The novel offers an interesting polarity: Finn is adept at providing Cat "emotional" support whenever she demands it and acts as her personal protector. As she grows up, Cat relies and takes for granted her right to this constant attention. It has the effect of creating a dissonance in her -- Cat loves the android because it answers her every spoken need without asking anything in return, and yet she fails to connect with other human beings because she has no experience in actually loving someone without simultaneously using them. The android Finn appears more human, more compassionate, more "in tune" with another human being's needs and wants, while the young girl and later the young woman seems cold, distant, and emotionally stunted among her human peers.
It would seem that should make it hard to like Cat -- and yet we do, very much so. Despite her immaturity towards other human beings, she develops a love for Finn that is as unique and touching as it is problematic.
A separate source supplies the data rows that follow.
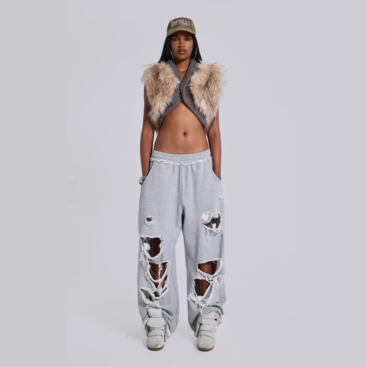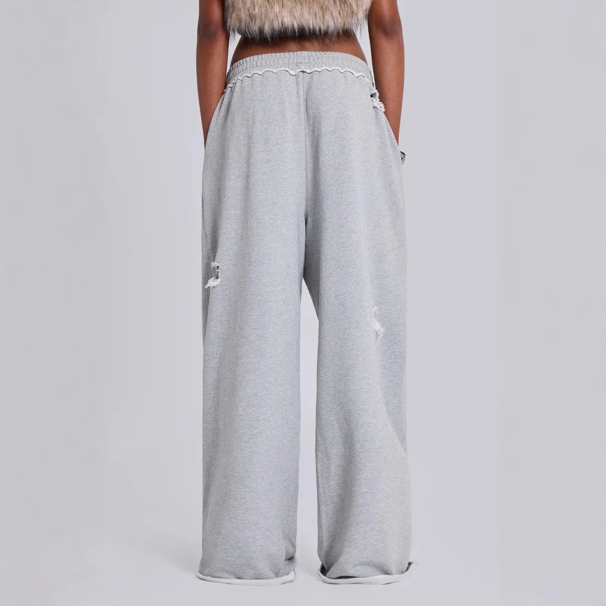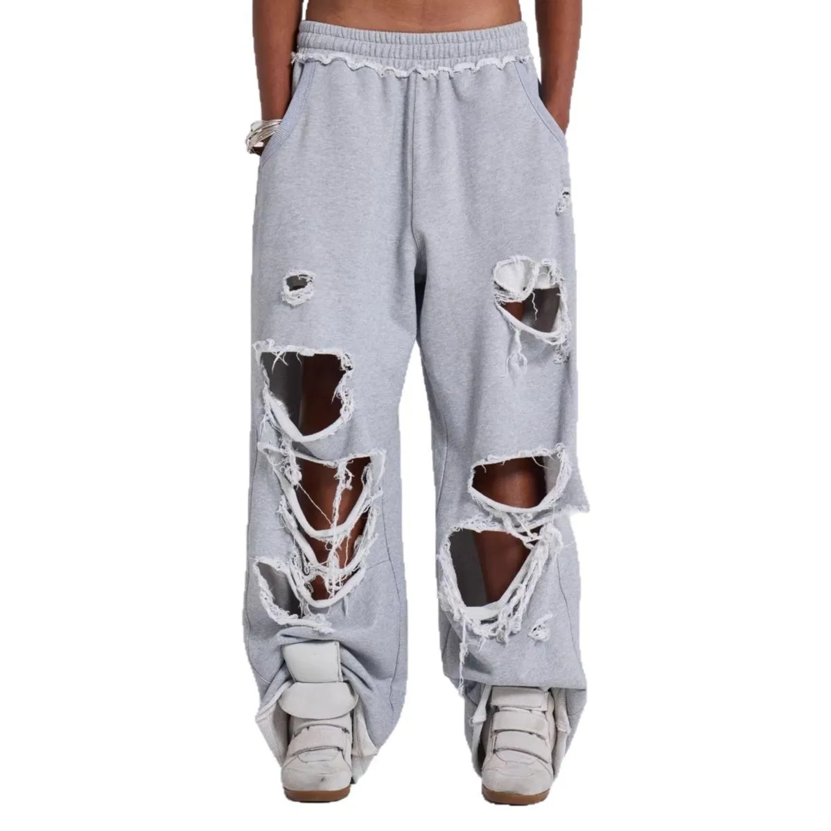 Women Baggy Sweatpants Casual Y2K Hip Hop Grunge Wide Leg Hole Loose Ripped pants Oversized Streetwear Trousers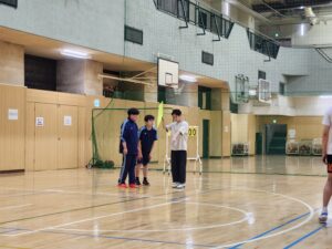 出だしは体育祭の疲れもあってか、声も出ずスタートダッシュが遅れ、相手に1セット先取されてしまいました。人数も自分たちの方が多い中、雰囲気作りに苦しむ結果となり、監督からも叱咤激励され再スタート。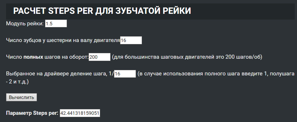 Шаг зуба рейки с модулем 1,5 = 4,7124 мм. Умножаем на 16 зубов = 75.3984 мм. Столько проедет станок за один оборот шестерёнки. Умножаем на редукцию 0,25 (1:4) = 18.8496 мм. Столько проедет станок за один оборот на входе в редуктор=вал двигателя. Чтобы двигатель сделал один оборот нужно 200*4=800 шагов. Итого 800 шагов и 18,8496 мм. 800/18,8496=42.4412 шага на мм. Правильно! :o Но как!?))

Her love of nature, the forest behind her parent's house and her mother's garden is translated into her beautiful fiber art. She is a weaver, a gardener, a young woman stranded by a strange upbringing teetering between the natural world and an exotic android -- who is capable it appears of a slowly evolving sentience.
There are some parallels here to other traditional tales on whose old bones this futuristic story comfortably rests. I kept thinking of the tales of the golem (and most notable, Helen Wacker's recent The Golem and the Jinni) where the golem is filled with purpose by its maker, and exists solely to hear the unspoken desires of its master and act. It appears like "love" or loyalty, but it can have no other purpose for existence except to serve. And then there is the story of Pygmalion, the sculptor who with the help of Aphrodite brought his sculpture of a perfect woman to life. And for me especially, I found the novel enriched by all the weaving metaphors (which I associate with so many folktales) -- the threads on the loom woven into an expression of love which Cat can't articulate, combined with the strings of Finn's schematic code, the delicate wiring of Finn's perfect body, and the silver "threads" in his eyes when he seems most human to her. (It is almost impossible not to use "him" rather than "it").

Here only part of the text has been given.